Pindrop have a solution for Connect which is currently in Preview.

Current solutions provide a 'risk score' using 1000+ different indicators that the IVR and/or Agent can use to Authenticate the customer. As this improves over the years with solutions like Passport this will reduce inbound phone fraud and customer frustrations... will we get to 100% confidence on 95%+ of interactions?

Global resilience

Designing enterprise scale systems is hard, building them in your own Data Centres is very hard and in today's world it doesn't differentiate yourself from the competition. Using a Cloud Computing solutions like AWS, G-Cloud and Azure gives you incredible amount of options to get it right (and wrong!)

Enter Werner and this instant classic:

Amazon Connect is 'server-less' in that you have no servers to manage, patch or ensure they are up and working. Amazon do all that heavy lifting for you! and they do that all within a Region.

A Region is a Geo-graphic location such as London / Paris / Oregon and these Regions have Availability Zones (AZs) and AZ = A Data Centre... so a Region is highly available and thus so is Amazon Connect.

Learn more by reading this amazing post by Amazon's Adrian Hornsby, The quest for availability.

However... the bar is always rising and so we need to plan for failure of a Region. Amazon have been releasing some features to support this in stages over the last few months but right now its very manual.

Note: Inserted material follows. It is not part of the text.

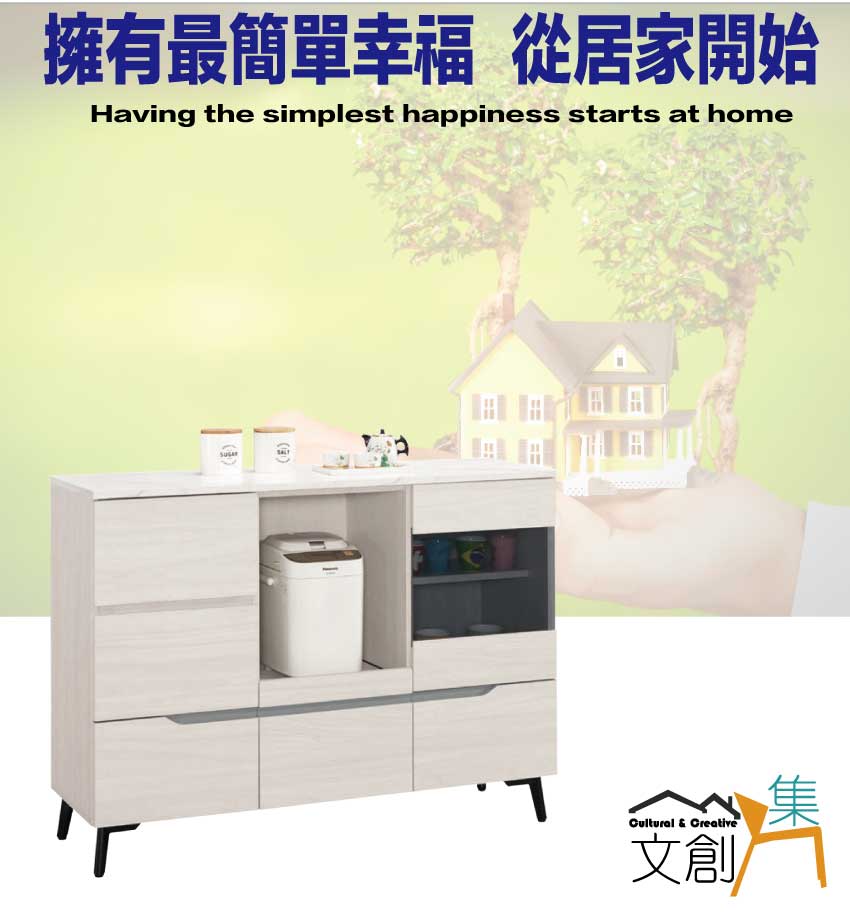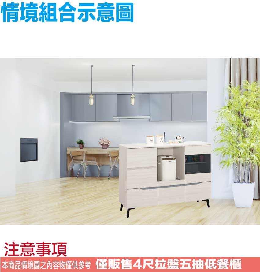 【文創集】丹尼4尺開門拉盤低餐櫃 木紋雙色系+安心材質製造,使用放心+搭配居家更便利,採用防蛀木心板+烤漆五金腳座+防夾手緩衝門片五金+5mm強化灰玻璃+仿石紋耐磨美耐皿桌面板+五金滑軌結構等安心材質製造 ,外層採用防潮耐磨噴漆處理搭配採用開門櫃+拉盤層架+五抽屜+內&外開放層格等收納空間設計,全由專人配送到家,專業安心服務,替你省下更多時間!

I hope Amazon are working towards the goal of seamless synchronization between regions. This is not such a crazy ask, as AWS have been raising the bar on their flagship DynamoDB solution that now supports Global Tables.

The App economy

Amazon have already started to release quick starts which I've talked about before here.

Getting this right is going to commoditise the contact centre which has been going through a slow and painful transition over the last few years. I'm sure there is already a huge amount of work on the table for Amazon and this one will get allot more love and attention in the coming months/years.

Amazon Connect is well poised to disrupt, but Contact Centres are a mesh of complex processes, people and technologies, yes 'voice' is on the decline and has been for many years, this is being replaced by increasing customer demands and with Connect, AWS and its partners, are well poised to be a key enabler in any companies strategy.